__Activity__
Print the records below exactly, from the line containing "长城出口型蛇龙珠干红葡萄酒 整箱750ml*6瓶包邮" down to the line containing "The Walgreens Flu", both lines included, and omit every picture.

__Data records__

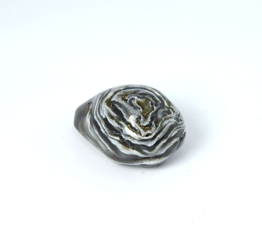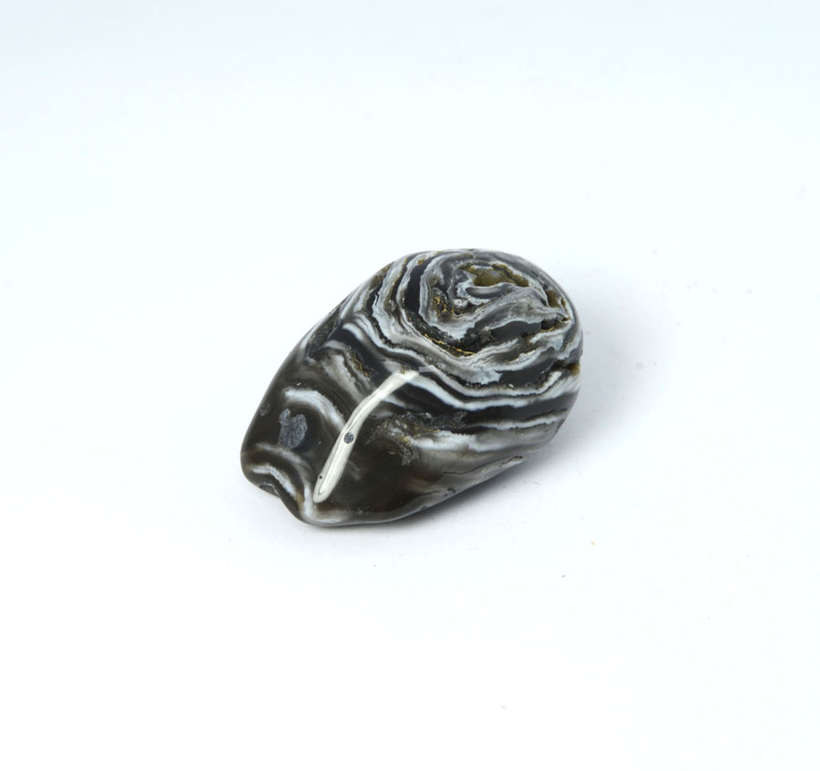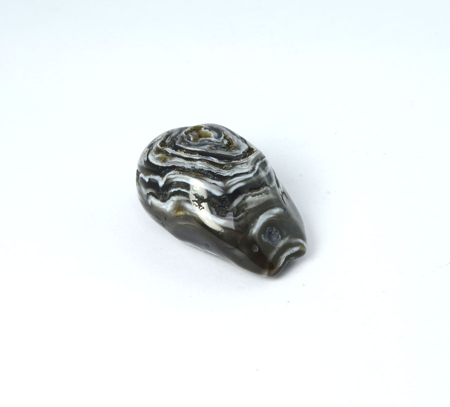 Seltener, mittelgroßer Wasserachat-Handschmeichler in dunklen Farbtönen und mit lebendiger Zeichnung. Wenn man diesen Wasserachat nah ans Ohr hält und kräftig schüttelt, kann man das leichte Glucksen des eingeschlossenen Wassers hören. Dieser Wasserachat-Handschmeichler ist ein Unikat.
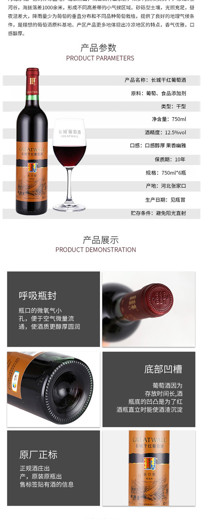 长城出口型蛇龙珠干红葡萄酒 整箱750ml*6瓶包邮
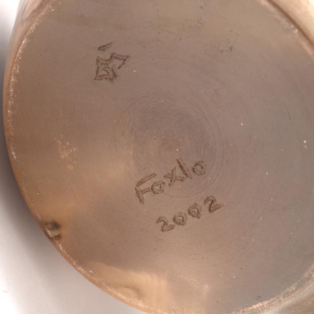 California, the Foxlo piece has a matte glaze, 2002 (13 1/4 in.) and the Rosas piece has an iridescent Raku glaze, 1999 (12 3/4 in.), both signed on the underside.
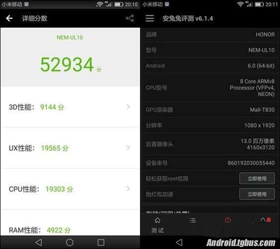 至於跑分,從實際安兔兔跑分測試來看,榮耀5C安兔兔跑分成績為52934,對於這個跑分基本上和聯發科MT6795、高通曉龍808打平。
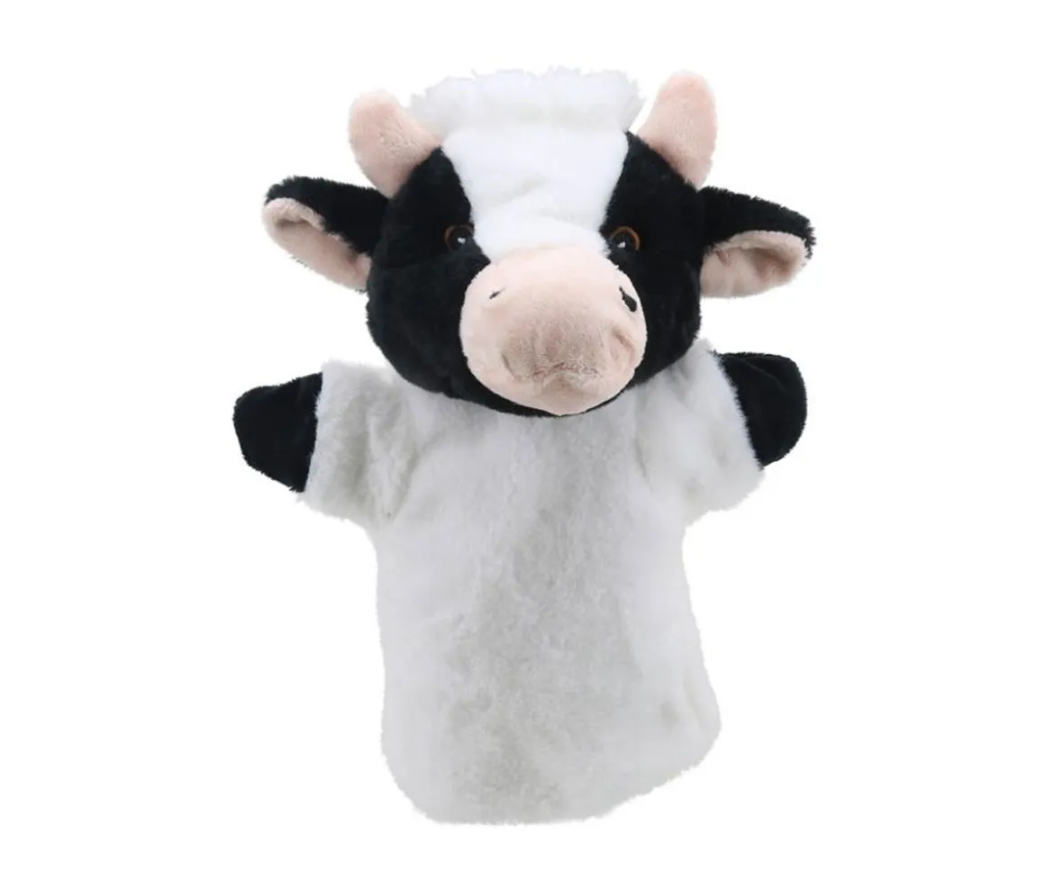 Esta marioneta de vaca en blanco y negro, de una suavidad exquisita, es la compañera perfecta para el juego simbólico y es especialmente ideal para dar vida a canciones y rimas infantiles.
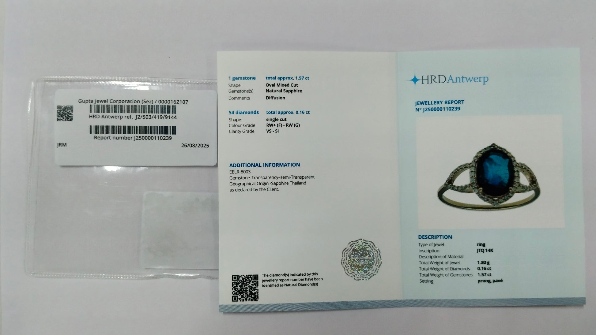 - Certificate Number J250000110239
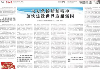 11月23日,中共中央黨校主辦的以思想理論宣傳為主旨的中央級(jí)大報(bào)《學(xué)習(xí)時(shí)報(bào)》刊發(fā)了中國(guó)船舶集團(tuán)有限公司黨組副書(shū)記、總經(jīng)理?xiàng)罱鸪墒鹈恼隆洞罅霌P(yáng)船舶精神 加快建設(shè)世界造船強(qiáng)國(guó)》。
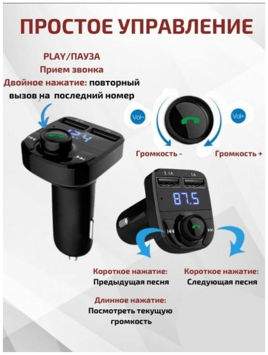 Отзывы на FM трансмиттер Bluetooth фм модулятор с 2 USB / Блютуз через радио с быстрой зарядкой / Разветвитель адаптер
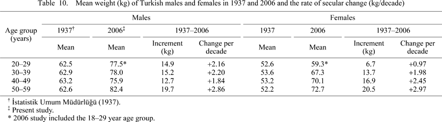 ![]() View Details | Figure 4. Secular increment in the mean weight (kg/decade) for Turkish males and females between 1937 to 2006. |
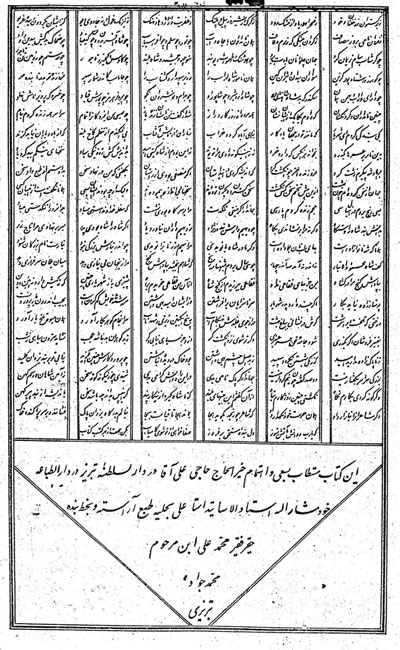 تبریز: کارخانه مشهدیحاج آقا بن آقا احمد تبریزی، به سعی و اهتمام کربلای تقی، ۱۲۷۵ ق
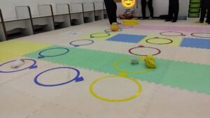 決められた的に向かってお手玉を投げ、距離に応じて得点が変わるルールを設定し、総合得点で勝敗を決める取り組みを行いました✨
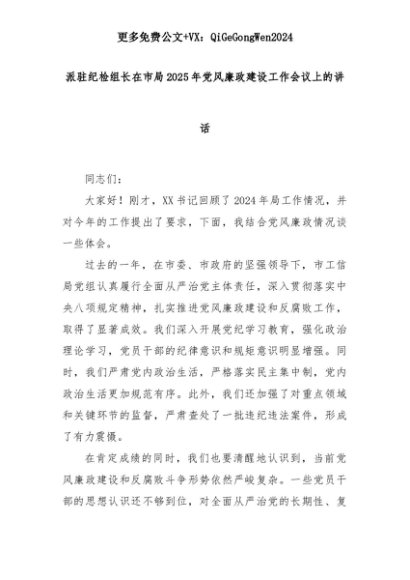 【七哥公文】2025年:派驻纪检组长在市局2025年党风廉政建设工作会议上的讲话+更多免费公文+VX:QiGeGongWen2024+更多免费公文+VX:QiGeGongWen2024
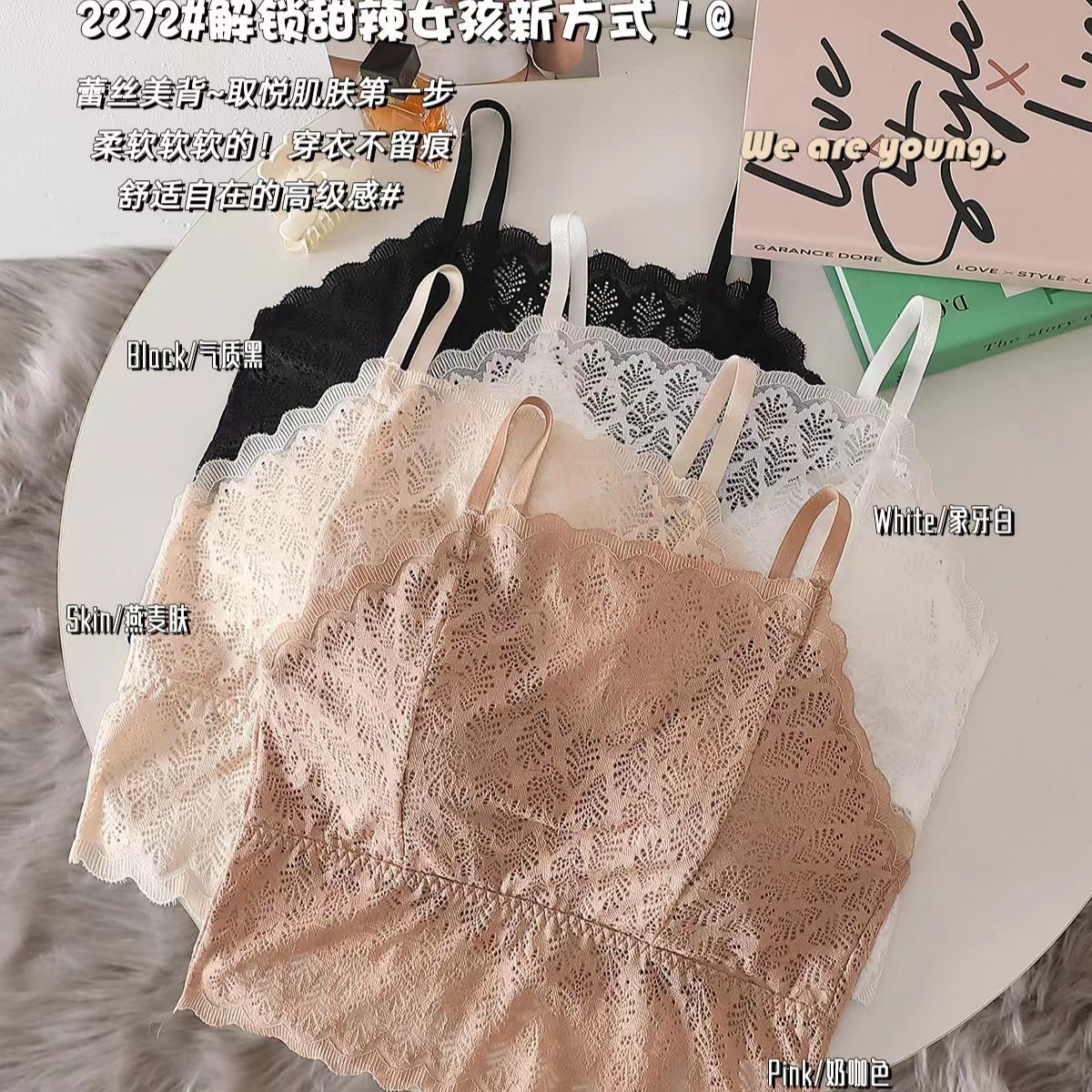 2023 One-character Collar Anti-slip Lace Large Size Vest Breathable Latex Pad Sling Beautiful Back Outer Wear Chest Wrap Underwear
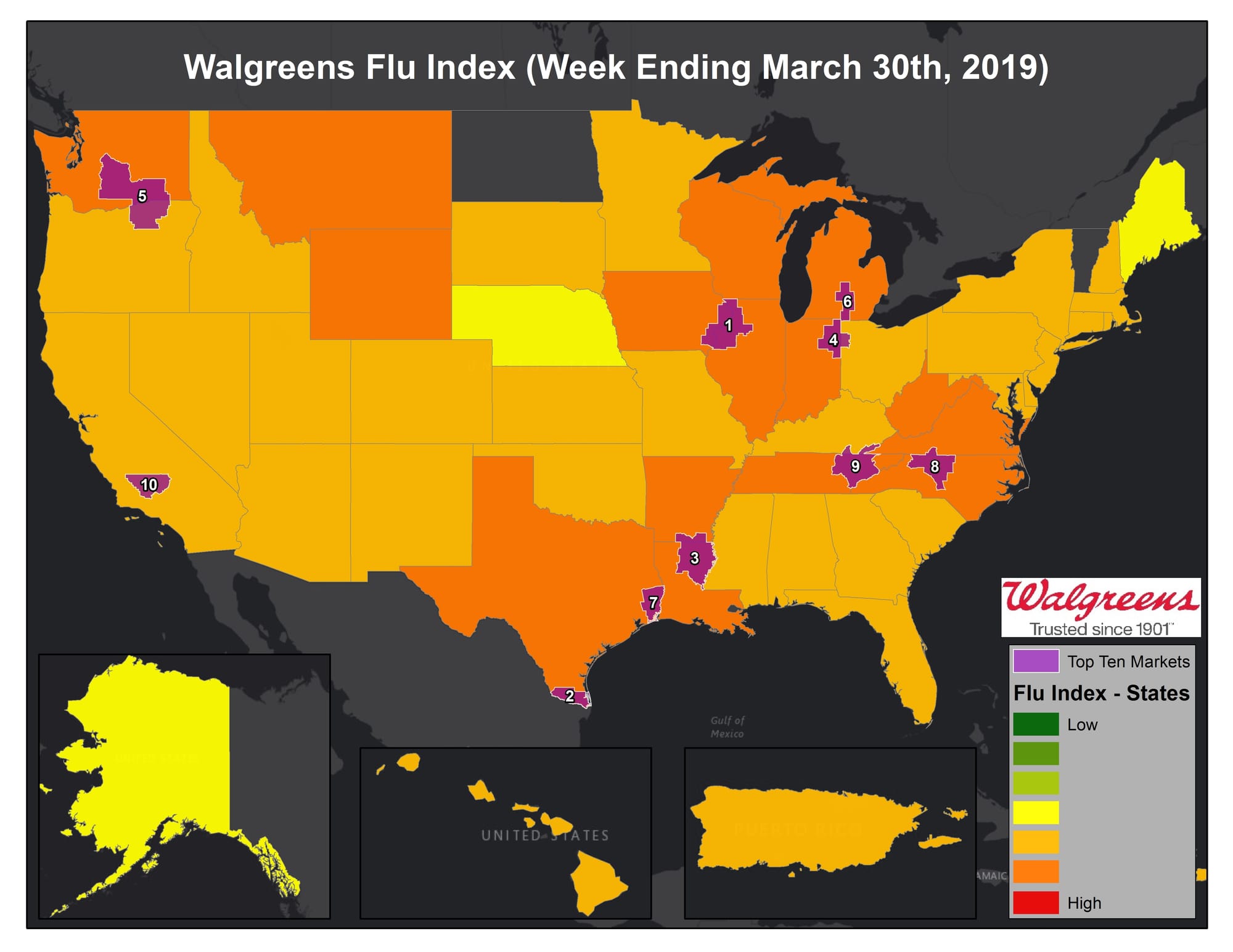 The Walgreens Flu Index is compiled using the drugstore chain’s weekly retail prescription data for antiviral medications used to treat influenza across Walgreens and Duane Reade locations nationwide. In addition to the top markets and states, the Flu Index also ranks the markets and states experiencing the greatest gains in activity on a week-over-week basis.
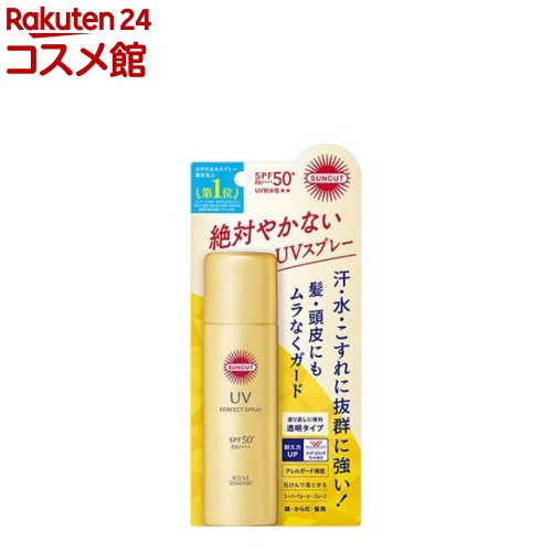コーセー サンカット パーフェクト UV スプレー SPF50+ PA++++ 大容量90g SUNCUT コスメポート KOSE コラーゲン ヒアルロン酸 スクワラン 植物エキス COSMEPORT 無香料 日焼け止め ユニセックス べたつかない さらさら 塗り直し お手軽 簡単 全肌質 シミ そばかす 日本製
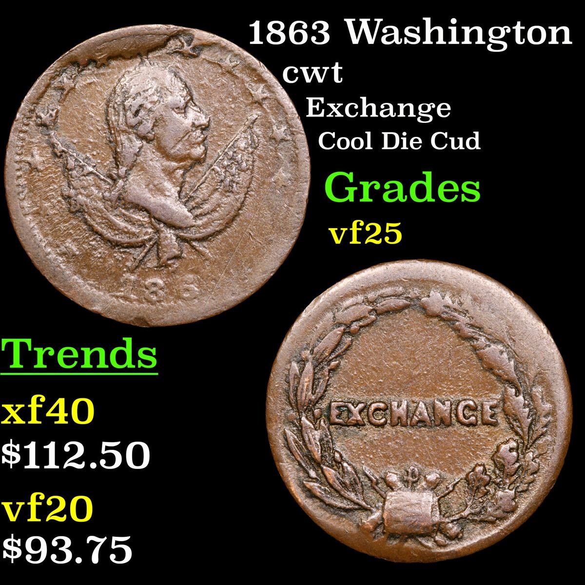 1863 Washington Exchange Cool Die Cud Civil War Token 1c Grades vf+.

__Answer to the problem__
 长城出口型蛇龙珠干红葡萄酒 整箱750ml*6瓶包邮
 California, the Foxlo piece has a matte glaze, 2002 (13 1/4 in.) and the Rosas piece has an iridescent Raku glaze, 1999 (12 3/4 in.), both signed on the underside.
 至於跑分,從實際安兔兔跑分測試來看,榮耀5C安兔兔跑分成績為52934,對於這個跑分基本上和聯發科MT6795、高通曉龍808打平。
 Esta marioneta de vaca en blanco y negro, de una suavidad exquisita, es la compañera perfecta para el juego simbólico y es especialmente ideal para dar vida a canciones y rimas infantiles.
 - Certificate Number J250000110239
 11月23日,中共中央黨校主辦的以思想理論宣傳為主旨的中央級(jí)大報(bào)《學(xué)習(xí)時(shí)報(bào)》刊發(fā)了中國(guó)船舶集團(tuán)有限公司黨組副書(shū)記、總經(jīng)理?xiàng)罱鸪墒鹈恼隆洞罅霌P(yáng)船舶精神 加快建設(shè)世界造船強(qiáng)國(guó)》。
 Отзывы на FM трансмиттер Bluetooth фм модулятор с 2 USB / Блютуз через радио с быстрой зарядкой / Разветвитель адаптер
 ![]() View Details | Figure 4. Secular increment in the mean weight (kg/decade) for Turkish males and females between 1937 to 2006. |
 تبریز: کارخانه مشهدیحاج آقا بن آقا احمد تبریزی، به سعی و اهتمام کربلای تقی، ۱۲۷۵ ق
 決められた的に向かってお手玉を投げ、距離に応じて得点が変わるルールを設定し、総合得点で勝敗を決める取り組みを行いました✨
 【七哥公文】2025年:派驻纪检组长在市局2025年党风廉政建设工作会议上的讲话+更多免费公文+VX:QiGeGongWen2024+更多免费公文+VX:QiGeGongWen2024
 2023 One-character Collar Anti-slip Lace Large Size Vest Breathable Latex Pad Sling Beautiful Back Outer Wear Chest Wrap Underwear
 The Walgreens Flu Index is compiled using the drugstore chain’s weekly retail prescription data for antiviral medications used to treat influenza across Walgreens and Duane Reade locations nationwide. In addition to the top markets and states, the Flu Index also ranks the markets and states experiencing the greatest gains in activity on a week-over-week basis.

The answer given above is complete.